The Current State of Global Food Insecurity

Chronic food insecurity is a global, long-standing problem—we outlined the links between rapid population growth and food insecurity previously (read more here). Conflict and instability, climate shocks such as severe droughts and recently, swarms of locusts, and rapidly rising global food prices all contribute to food insecurity. Covid-19, which was declared a pandemic in March 2020, has exacerbated these pressures, creating an escalating hunger crisis for millions around the globe. The pandemic and its socio-economic effects have hit the world’s most vulnerable people the hardest—according to the most recent Global Network Against Food Crisis report, more than 155 million people faced “acute food insecurity” at the end of 2020.

Conflict drives hunger

According to the United Nations, over 50% of the population in three countries—Syria, South Sudan, and the Central African Republic—faced crisis-level hunger in 2020. This means that over half of the surveyed populations in these three countries are dealing with high levels of acute malnutrition, or are only able to meet minimum food needs by selling assets essential to their livelihoods or other crisis-level coping strategies. It’s no coincidence that all three countries are also dealing with long-running violent conflicts.

Conflicts contribute to food instability in multiple ways: by disrupting harvests and trade production, closing markets, derailing livelihoods, and displacing people internally. Supply chains are disrupted or cut off completely by violence, leaving those living in the region unable to procure adequate food supplies even if they still have the means to purchase it. Others are driven off their land—land they rely upon to raise crops and animals for both income and food.

The effects are devastating. The Sahel region of sub-Saharan Africa is facing potential widespread famine due to violence rippling across the region. According to a Telegraph article re-published in the most recent issue of our quarterly magazine, over 7 million people are facing acute hunger throughout the region. Malnutrition wards of local hospitals are full of starving children and their desperate parents. Most worryingly, even if the violence ebbs, another man-made disaster is contributing to hunger in the region: climate change.

Climate change is increasing pressure on regional food supplies

In the Sahel, depleted soils and desertification have made farming increasingly difficult as crop outputs grow smaller. However, drought and intermittent rains aren’t the only climate-induced challenges straining food production throughout the world. In recent years, intense rains and flooding have hit parts of the Middle East, Southwest Asia, and Africa, providing a fertile breeding ground for desert locusts. Locusts swarms can travel across continents and eat their own weight in plants each day, meaning that very large swarms can consume food that would otherwise feed tens of thousands of people for one year.

Meager harvests also push up the price of food across the globe, often putting the price of even basic foodstuffs out of reach for those living on the edge. Those living in wealthy countries such as the U.S. spend as little as 6% of their total expenditures on food, while those living in developing countries typically spend over 50%. Because such a large proportion of their income goes towards food, people in developing countries are especially vulnerable to price shocks that have a much smaller effect in high-income countries.

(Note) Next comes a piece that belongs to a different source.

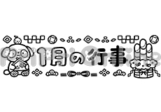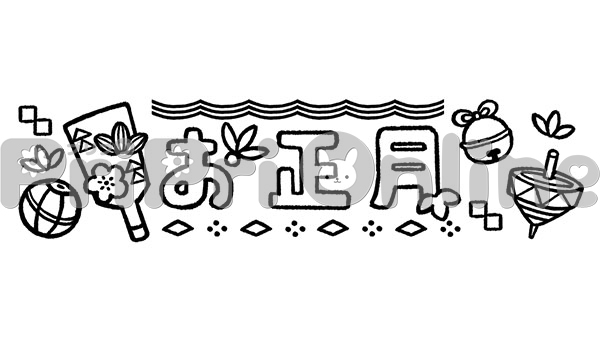 羽子板やコマや鞠と「お正月」の飾り文字(白黒)
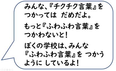 この男の子の言葉によって避難所は冷静さを取り戻し、助け合い、譲り合うようになっていったというお話。やはり言葉は大事!ということを改めて学んだのですが、子どもたちには「大震災というピンチの場面で大いに役立った『ふわふわ言葉』を、私たちの普段の生活でも使ってみてはどうでしょう?」と提案させていただきました。そしてそのために「ぜひ人のよいところや頑張っていることを見つけて、それを伝えることができる人になって欲しい」とお話しさせていただきました。

Covid-19 as the tipping point

Conflict and climate shocks have long contributed to food insecurity around the globe—the global Covid-19 pandemic exacerbated these existing pressures to make a terrible situation worse for millions of people. Shutdowns intended to slow the spread of the virus disrupted supply chains and robbed households of employment and income. Supply chain disruptions drove up the cost of food—which, as we just outlined, affects the most vulnerable most severely. While wealthy countries generally provided economic assistance for their citizens to keep them from falling into poverty, this wasn’t the case in poorer parts of the world.

According to the World Food Programme, 272 million people in the countries in which it operates are already or are at-risk of becoming acutely food insecure. Many of these people are living in countries and regions already stressed by conflict and climate change. The social and economic disruptions of the pandemic have served to escalate these pressures, making chronic hunger a threat for an ever-increasing number of people.

Long term resilience and mitigation strategies are key

There are, of course, no “simple” solutions to a problem as deep-seated as chronic food insecurity. Because the causes are multi-layered, so are the solutions. Easing regional conflicts and investing in more sustainable agricultural practices will go a long way towards easing hunger around the world. We also can’t ignore the links between rapid population growth and the spread of zoonotic diseases like Covid-19, desertification, and violent conflict. Slowing population growth is a key component of building climate resiliency in developing countries. It also helps reduce the incidence of civil unrest and helps build more stable communities—communities better able to withstand the many causes of food insecurity.